Но это только казалось. Скоро стал громко роптать и обыватель с подвязанной щекой. В 1904 году стало ясно, что революционное движение гораздо глубже, чем думали. Правительство, хотя оно и опиралось на внушительную полицейскую силу, шаталось и слабело. Слабость правительства доказывала, что устои его в стране не так прочны, как это представлялось на первый взгляд, и это сознание еще больше углубило брожение в народе. Все чаще и чаще происходили беспорядки. То закрывались университеты из-за студенческих беспорядков, то рабочие бастовали на заводах, то либеральные земцы устроят банкет, на котором раздавались смелые по тому времени голоса о необходимости обновления политического строя и введения конституции. То взрывалась бомба и убивала того или иного губернатора или министра.

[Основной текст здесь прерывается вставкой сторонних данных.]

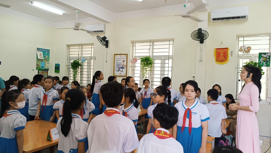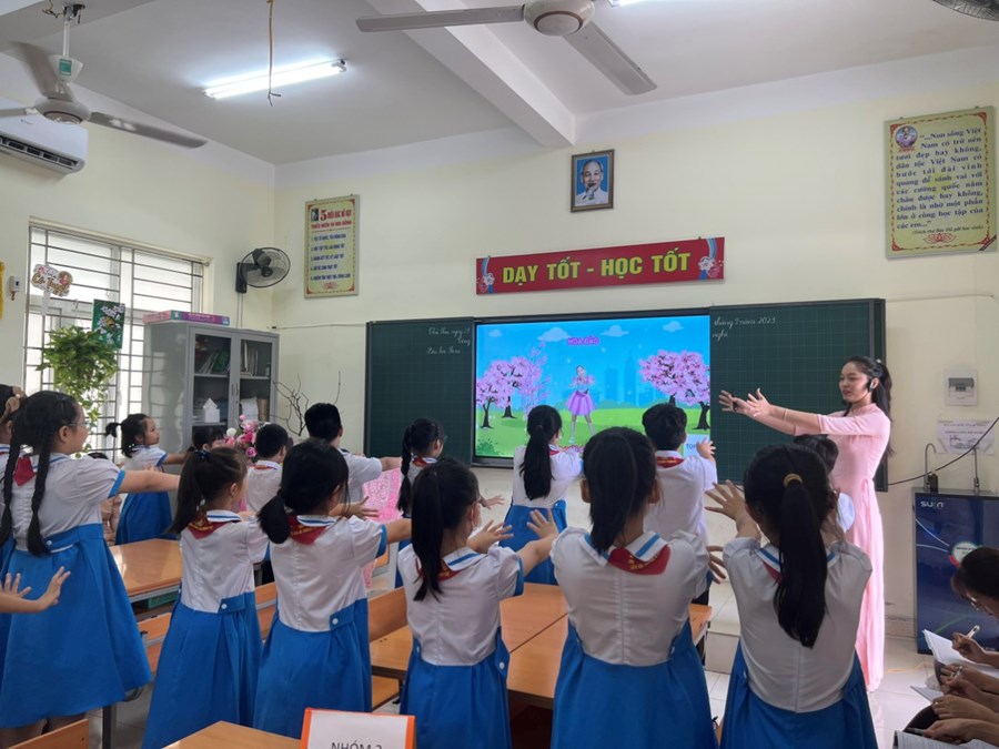 Thể hiện tiết dạy là cô giáo Trần Thị Phương Thảo và các em học sinh lớp 4A4

И в эту тревожную пору неожиданно для русского общества разразилась война с Японией. Где-то там далеко, в китайских странах, русские мужики сражались с японцами. В канцеляриях говорили о великодержавных задачах России, а в обществе громко шептались о том, что войну затеяли влиятельные царедворцы из-за корыстных своих целей, из-за какой-то лесной концессии на Ялу, в которой были заинтересованы большие сановники. Народ же в деревнях вздыхал безнадежно. Мужики и бабы говорили, что хотя косоглазого и можно шапками закидать, но зачем за этим к нему идти так далеко?

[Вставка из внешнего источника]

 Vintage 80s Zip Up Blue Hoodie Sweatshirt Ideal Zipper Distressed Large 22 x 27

– Раз ён к нам не идет, значит, правда на его стороне. Чего же нам-то туда лезть?..

А тут стало слышно в столицах, что на Дальний Восток время от времени посылают чудотворные иконы… Увы, скоро выяснилось, что выиграть войну иконы не помогают. И когда погибал в дальневосточных водах русский флот с адмиралом Рожественским во главе, то стало жутко и больно России. Показалось тогда и мне, что Бог не так уж любовно смотрит на мою страну…

48

Разгром!..

Революционное движение усилилось, заговорило громче. Либеральное общество уже открыто требовало конституции, а социалисты полуоткрыто готовились к бою, предчувствуя близкую революцию. В атмосфере явно ощущалась неизбежность перемен. Но правительство еще упиралось, не желая уступить тому, что официально именовалось крамолой, хотя ею уже захвачена была вся страна. В провинции правительственные чиновники действовали вразброд. Одни, сочувствуя переменам, старались смягчить режим; другие, наоборот, стали больнее кусаться, как мухи осенью. У них как бы распухли хрусталики в глазах, и всюду мерещились им «революционеры».

В это время мне неоднократно случалось сталкиваться с совершенно необычной подозрительностью провинциальной администрации. Я не знаю, было ли в то время такое отношение властей к артистам общим явлением или эта подозрительность относилась более специально ко мне лично, как к певцу, революционно настроенному, другу Горького и в известном смысле более «опасному», чем другие, благодаря широкой популярности в стране.

Я делал турне по крупным провинциальным городам. Приезжаю в Тамбов поздно ночью накануне концерта. Ложусь спать с намерением спать долго – хорошо отдохнуть. Но не тут-то было. На другой день, очень рано, часов в 8 утра – стук в дверь моего номера. Входит полицейский пристав. Очень вежливо извиняясь за беспокойство в столь ранний час, объясняет, что тревожит меня по прямому приказанию губернатора.

– В чем дело?

«Дело» заключалось в том, что губернатором получены сведения, что я, Шаляпин, собираюсь во время моего концерта обратиться к публике с какой-то политической речью!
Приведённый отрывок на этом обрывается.